Every line from the one holding "2年前の講習で行った際の記憶" through the one holding "Beige leren schoenen" in the data below must be returned exactly, both ends included, with pictures left out and nothing else added.

» **Stored data**:

****************************************

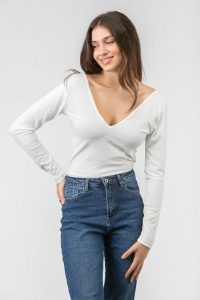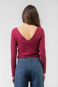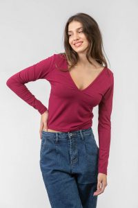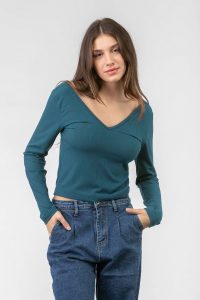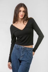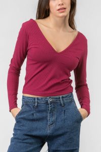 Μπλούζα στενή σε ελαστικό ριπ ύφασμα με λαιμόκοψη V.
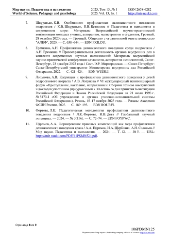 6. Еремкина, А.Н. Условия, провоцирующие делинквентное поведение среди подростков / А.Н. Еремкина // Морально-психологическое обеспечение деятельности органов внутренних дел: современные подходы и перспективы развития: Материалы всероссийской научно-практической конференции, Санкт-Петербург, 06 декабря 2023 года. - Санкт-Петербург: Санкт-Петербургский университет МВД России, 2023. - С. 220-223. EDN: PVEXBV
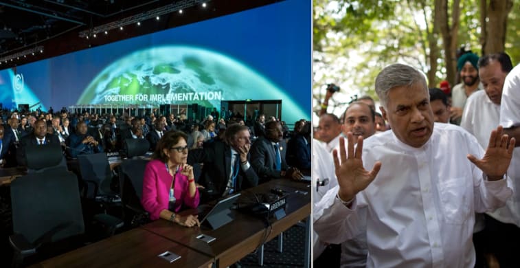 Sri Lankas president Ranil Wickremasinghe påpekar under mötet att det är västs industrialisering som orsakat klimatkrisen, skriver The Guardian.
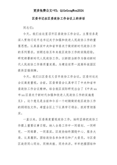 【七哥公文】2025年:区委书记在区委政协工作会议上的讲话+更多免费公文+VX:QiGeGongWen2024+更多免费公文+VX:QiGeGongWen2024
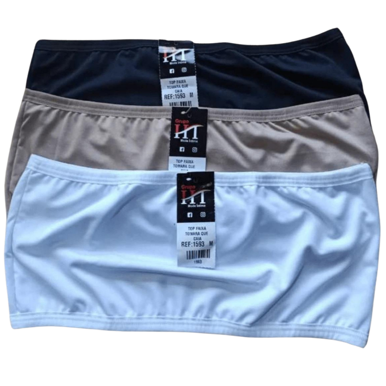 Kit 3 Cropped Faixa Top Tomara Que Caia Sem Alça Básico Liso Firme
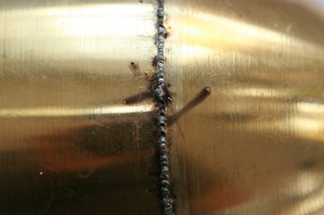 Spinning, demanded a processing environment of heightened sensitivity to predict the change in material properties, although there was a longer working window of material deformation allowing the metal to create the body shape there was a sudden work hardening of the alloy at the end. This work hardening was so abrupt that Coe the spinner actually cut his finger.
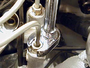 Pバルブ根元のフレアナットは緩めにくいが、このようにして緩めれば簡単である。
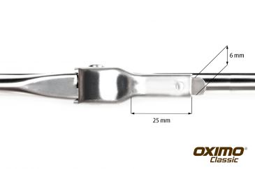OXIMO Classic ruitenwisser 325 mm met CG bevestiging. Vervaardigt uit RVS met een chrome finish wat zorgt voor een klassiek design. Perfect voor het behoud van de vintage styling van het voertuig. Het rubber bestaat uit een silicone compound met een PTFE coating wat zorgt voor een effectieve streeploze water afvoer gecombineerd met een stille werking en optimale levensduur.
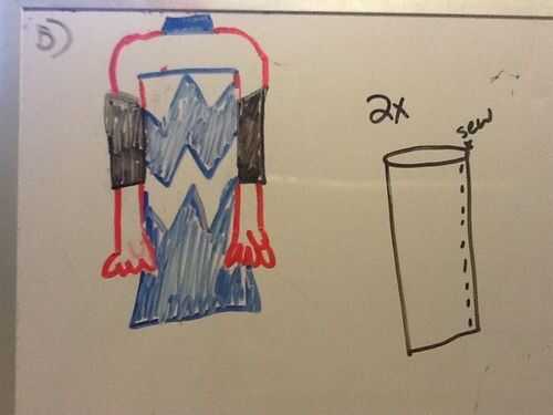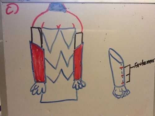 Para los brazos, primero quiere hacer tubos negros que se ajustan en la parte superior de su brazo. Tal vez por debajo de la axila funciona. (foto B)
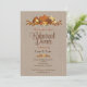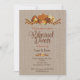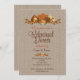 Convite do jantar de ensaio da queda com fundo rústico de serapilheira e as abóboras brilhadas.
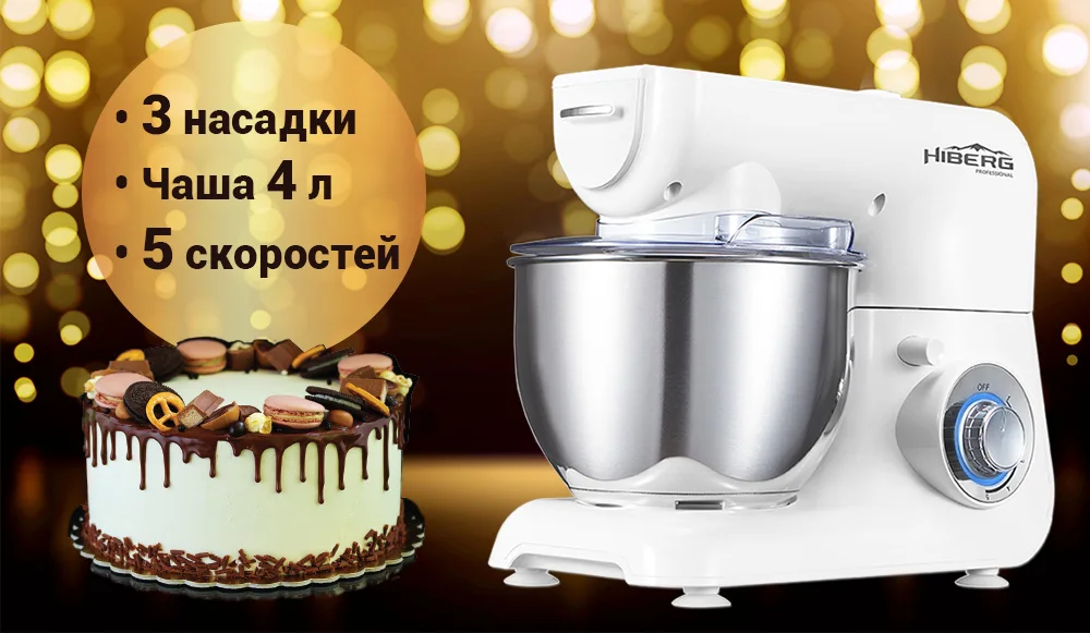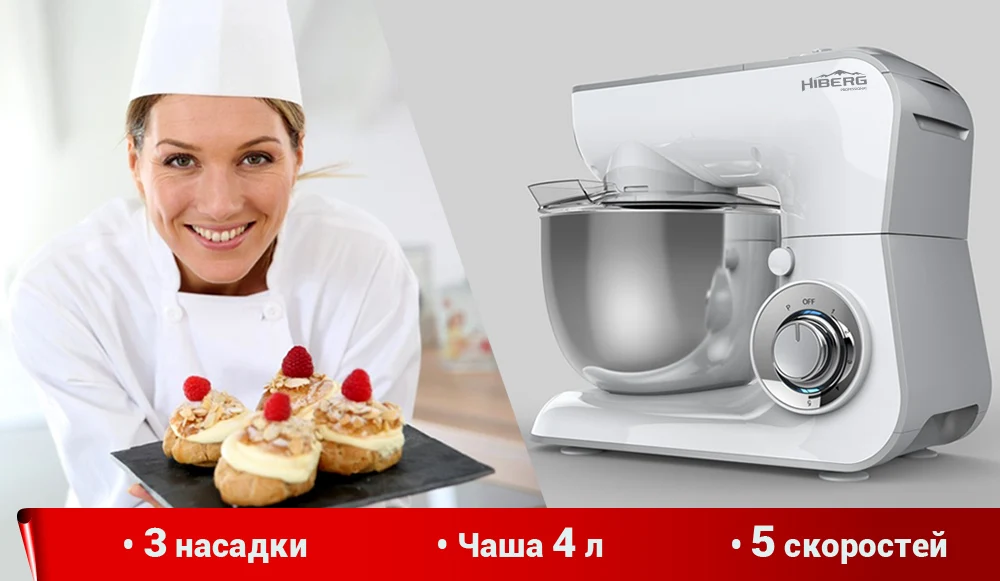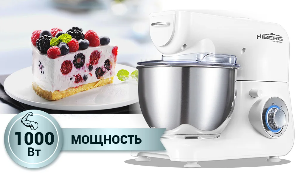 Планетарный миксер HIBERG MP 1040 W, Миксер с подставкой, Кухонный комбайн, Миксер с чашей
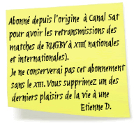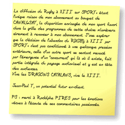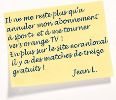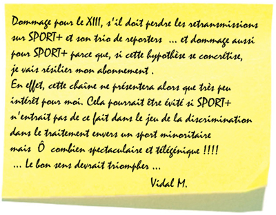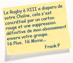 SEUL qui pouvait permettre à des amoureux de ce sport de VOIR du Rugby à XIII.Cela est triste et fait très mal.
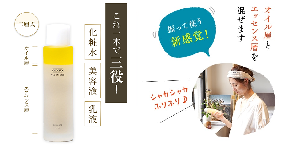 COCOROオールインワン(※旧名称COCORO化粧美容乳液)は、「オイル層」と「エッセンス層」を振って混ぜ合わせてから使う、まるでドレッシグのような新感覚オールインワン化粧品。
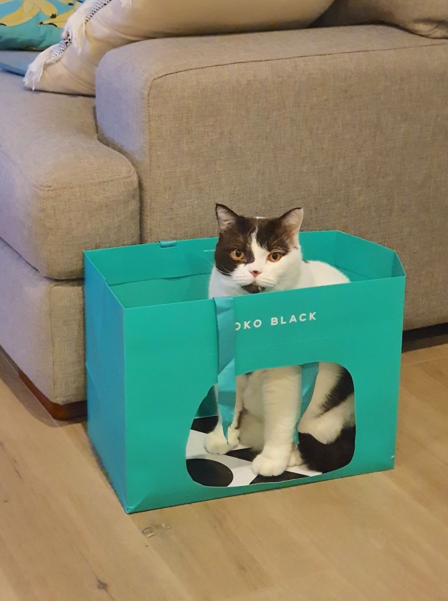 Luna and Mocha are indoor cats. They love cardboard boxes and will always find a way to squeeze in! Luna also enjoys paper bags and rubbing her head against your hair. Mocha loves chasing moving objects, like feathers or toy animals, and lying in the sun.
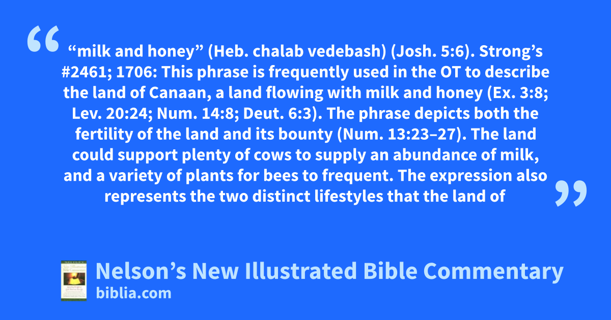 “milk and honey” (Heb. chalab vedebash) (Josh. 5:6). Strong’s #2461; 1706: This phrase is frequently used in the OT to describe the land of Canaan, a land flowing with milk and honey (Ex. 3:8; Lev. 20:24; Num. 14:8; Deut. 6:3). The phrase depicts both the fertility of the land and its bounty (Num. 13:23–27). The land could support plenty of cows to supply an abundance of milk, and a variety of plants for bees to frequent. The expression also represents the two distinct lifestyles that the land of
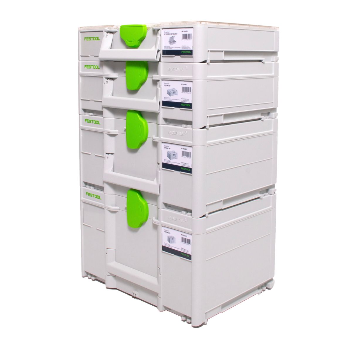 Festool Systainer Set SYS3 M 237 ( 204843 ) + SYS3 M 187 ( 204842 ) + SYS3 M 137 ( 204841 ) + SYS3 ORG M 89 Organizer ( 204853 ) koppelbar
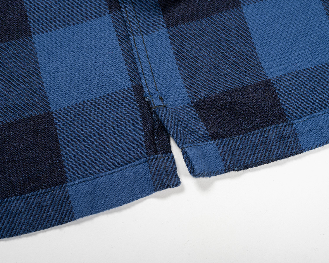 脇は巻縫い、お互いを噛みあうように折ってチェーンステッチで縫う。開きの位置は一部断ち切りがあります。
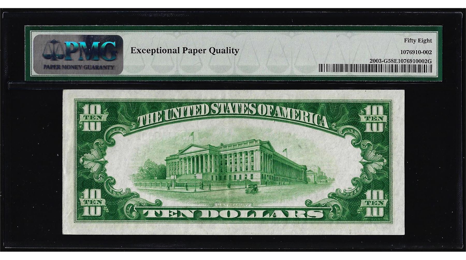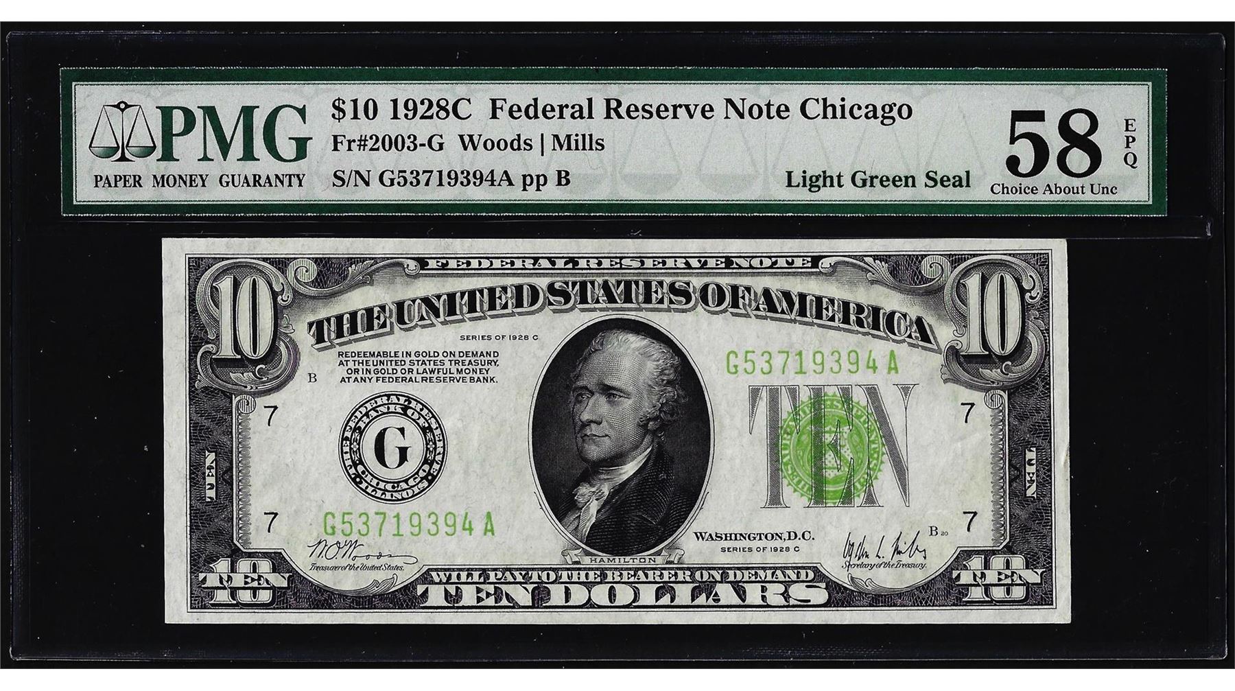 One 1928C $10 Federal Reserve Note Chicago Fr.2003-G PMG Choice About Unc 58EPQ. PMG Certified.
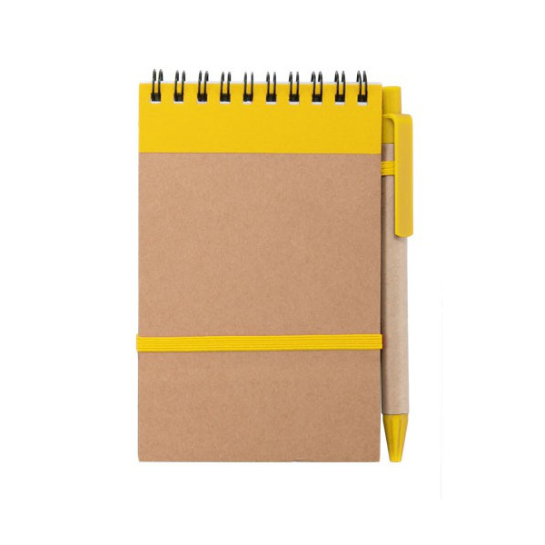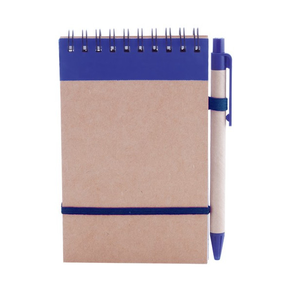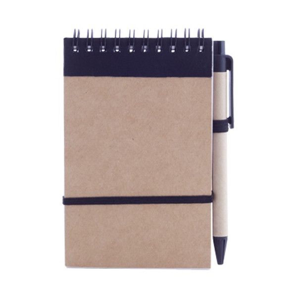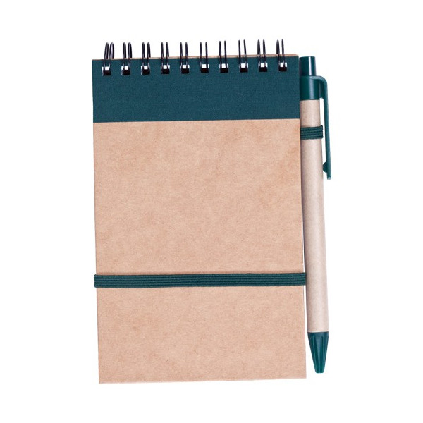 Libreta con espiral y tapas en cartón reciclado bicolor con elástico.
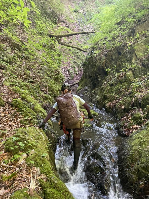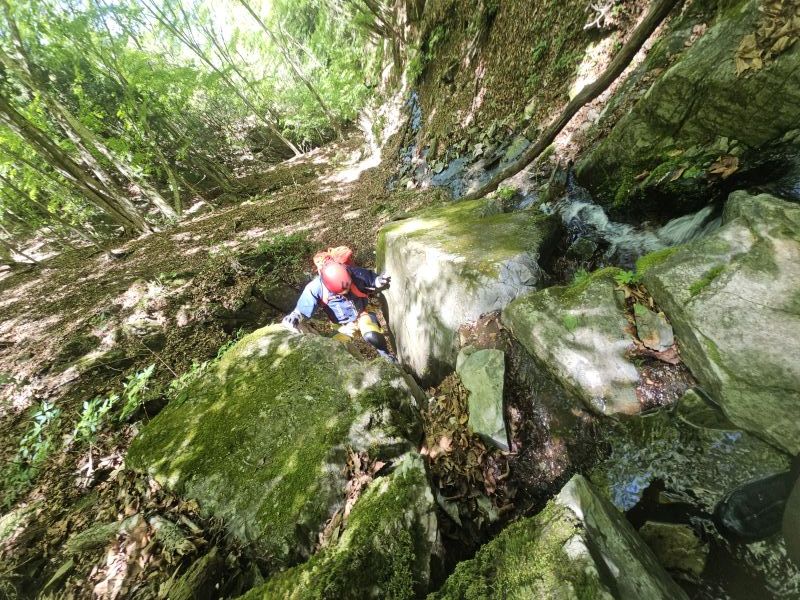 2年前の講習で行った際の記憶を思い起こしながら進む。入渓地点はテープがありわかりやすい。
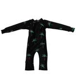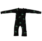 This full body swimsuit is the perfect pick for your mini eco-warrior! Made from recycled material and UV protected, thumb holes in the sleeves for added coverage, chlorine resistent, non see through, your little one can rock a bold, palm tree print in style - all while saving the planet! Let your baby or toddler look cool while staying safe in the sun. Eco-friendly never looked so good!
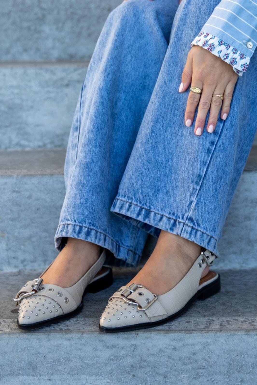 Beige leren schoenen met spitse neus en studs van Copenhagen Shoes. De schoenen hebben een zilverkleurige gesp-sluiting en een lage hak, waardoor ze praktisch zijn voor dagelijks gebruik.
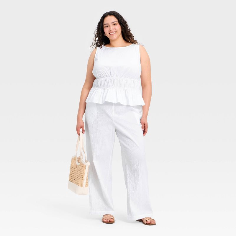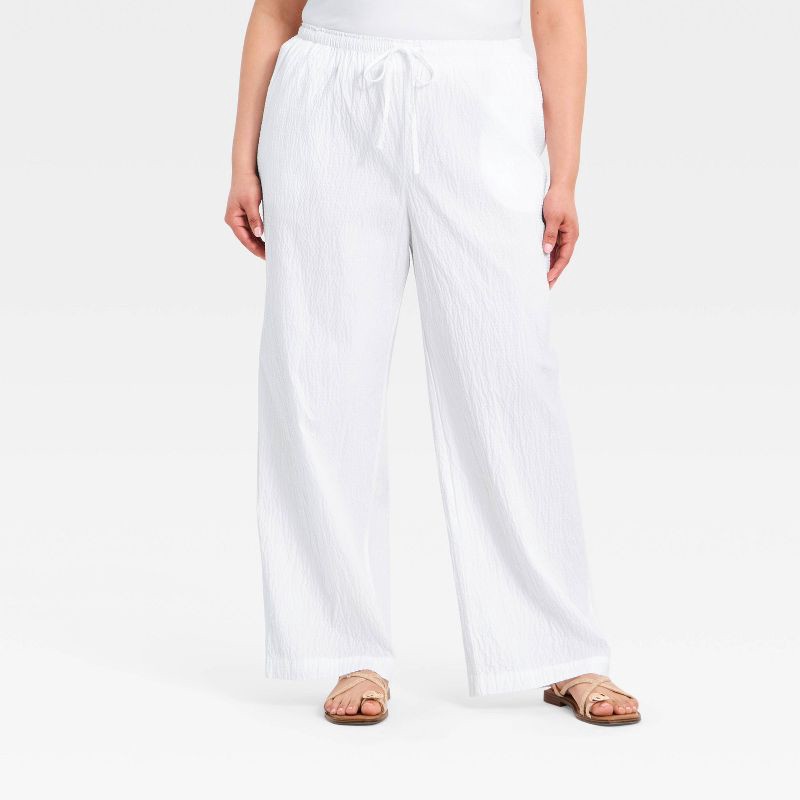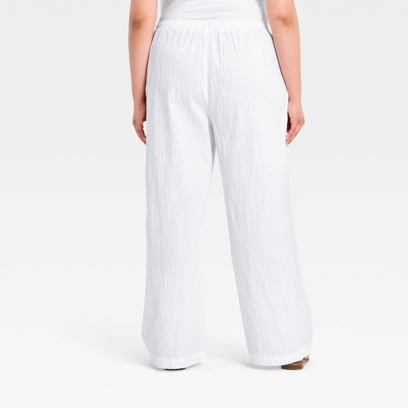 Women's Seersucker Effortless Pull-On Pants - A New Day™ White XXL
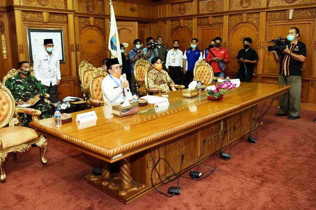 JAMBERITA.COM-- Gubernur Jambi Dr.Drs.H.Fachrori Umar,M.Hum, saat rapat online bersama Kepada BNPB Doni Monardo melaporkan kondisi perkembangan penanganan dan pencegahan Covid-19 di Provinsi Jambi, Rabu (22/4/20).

****************************************

» **WRITTEN RESPONSE**:
 2年前の講習で行った際の記憶を思い起こしながら進む。入渓地点はテープがありわかりやすい。
 This full body swimsuit is the perfect pick for your mini eco-warrior! Made from recycled material and UV protected, thumb holes in the sleeves for added coverage, chlorine resistent, non see through, your little one can rock a bold, palm tree print in style - all while saving the planet! Let your baby or toddler look cool while staying safe in the sun. Eco-friendly never looked so good!
 Beige leren schoenen met spitse neus en studs van Copenhagen Shoes. De schoenen hebben een zilverkleurige gesp-sluiting en een lage hak, waardoor ze praktisch zijn voor dagelijks gebruik.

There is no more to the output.